*Exercise instructions:*
Ignoring the images, restate the records below word for word.

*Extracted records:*
^^^^

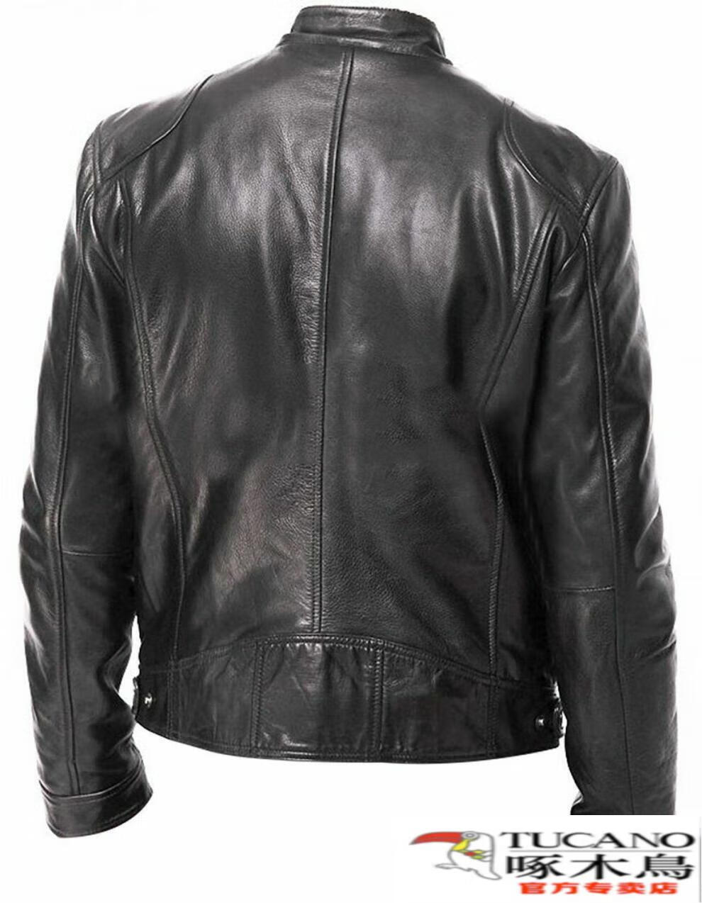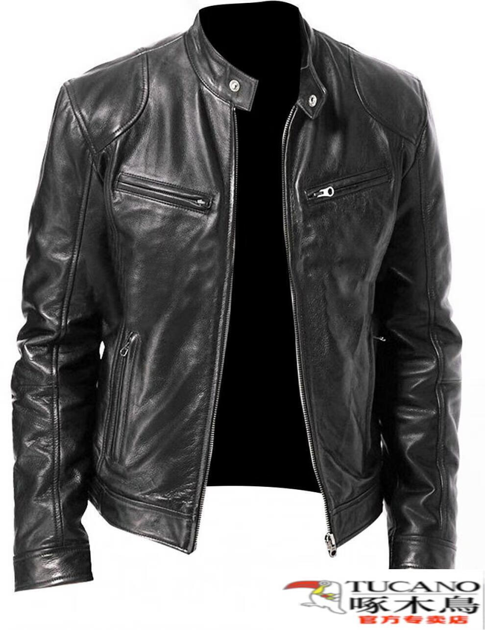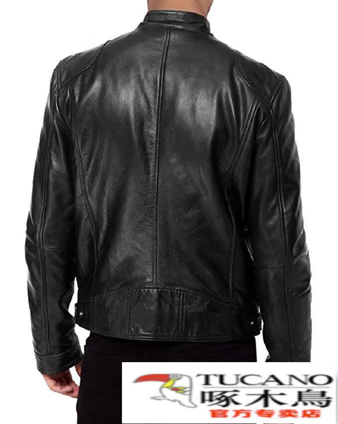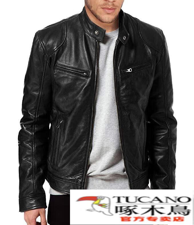 Woodpecker (TUCANO) 2026 Men's Leather Jacket Men's Teen Stand Collar Punk Men's Motorcycle Leather Jacket Plus Brown M
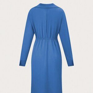 Blue Preppy Women's Batwing Sleeve Dress With Hidden Pockets
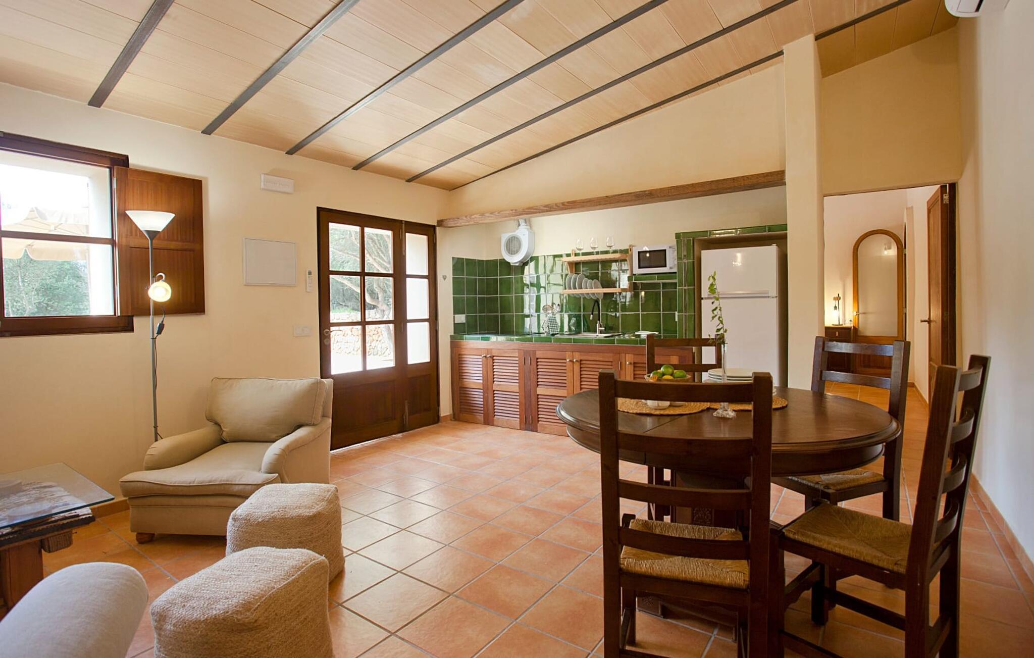 Die vollklimatisierte Wohnung „Agroturismo Es Bosc“ bietet Ihnen eine ländlich-moderne Unterkunft mit eigener Terrasse. Sie betreten direkt das Wohn-Esszimmer mit Küchenbereich, der über alles verfügt, was Sie zur Selbstversorgung benötigen. Rechts und links vom Wohnbereich befinden sich zwei stilvolle Schlafzimmer mit jeweils eigenem Bad. Diese stilvolle Landwohnung auf Mallorca versteht es, Privatsphäre und Gemeinschaftlichkeit hervorragend zu vereinen. Es erfüllt gleichermaßen die Bedürfnisse nach Ruhe und Aktivität.
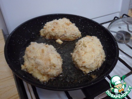 Каждую, заранее подготовленную котлету, обмакнуть в панировку так: кляр- хлебная крошка - получится такая "бочечка". Сформировать аккуратненькие котлетки.
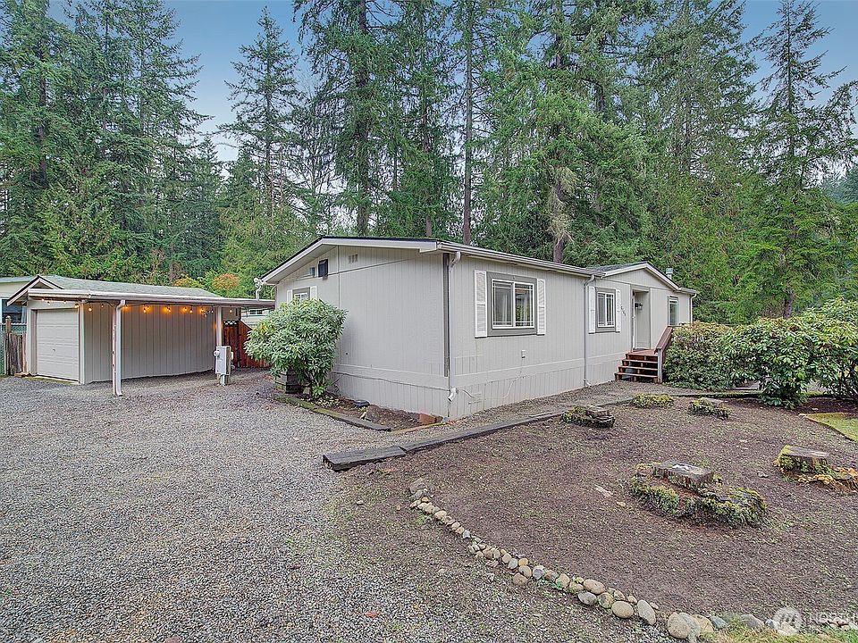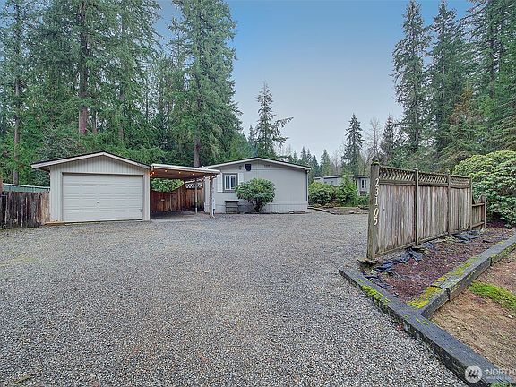 Well maintained home on beautiful 1/3 acre lot just north of Woodinville! Home has outstanding natural views from all windows and features 3 bedrooms and 2 full baths. Spacious kitchen w/vaulted ceilings, pine millwork, wainscoting & chair rail throughout home. Oversized primary w/closet organizers, full bath & soaking tub. The lot has ample parking and enough space for a large RV with separate power hookup. Large storage outbuilding looks like garage, but not long enough for car - would be great for bikes or motorcycles etc. & has attached carport. Garden shed in corner of rear yard. Park-like lot with fire pit area, fenced rear yard and plenty of garden space. Working freezer & 2 portable air conditioners stay with property.

^^^^

*The completed task:*
 Woodpecker (TUCANO) 2026 Men's Leather Jacket Men's Teen Stand Collar Punk Men's Motorcycle Leather Jacket Plus Brown M
 Blue Preppy Women's Batwing Sleeve Dress With Hidden Pockets
 Die vollklimatisierte Wohnung „Agroturismo Es Bosc“ bietet Ihnen eine ländlich-moderne Unterkunft mit eigener Terrasse. Sie betreten direkt das Wohn-Esszimmer mit Küchenbereich, der über alles verfügt, was Sie zur Selbstversorgung benötigen. Rechts und links vom Wohnbereich befinden sich zwei stilvolle Schlafzimmer mit jeweils eigenem Bad. Diese stilvolle Landwohnung auf Mallorca versteht es, Privatsphäre und Gemeinschaftlichkeit hervorragend zu vereinen. Es erfüllt gleichermaßen die Bedürfnisse nach Ruhe und Aktivität.
 Каждую, заранее подготовленную котлету, обмакнуть в панировку так: кляр- хлебная крошка - получится такая "бочечка". Сформировать аккуратненькие котлетки.
 Well maintained home on beautiful 1/3 acre lot just north of Woodinville! Home has outstanding natural views from all windows and features 3 bedrooms and 2 full baths. Spacious kitchen w/vaulted ceilings, pine millwork, wainscoting & chair rail throughout home. Oversized primary w/closet organizers, full bath & soaking tub. The lot has ample parking and enough space for a large RV with separate power hookup. Large storage outbuilding looks like garage, but not long enough for car - would be great for bikes or motorcycles etc. & has attached carport. Garden shed in corner of rear yard. Park-like lot with fire pit area, fenced rear yard and plenty of garden space. Working freezer & 2 portable air conditioners stay with property.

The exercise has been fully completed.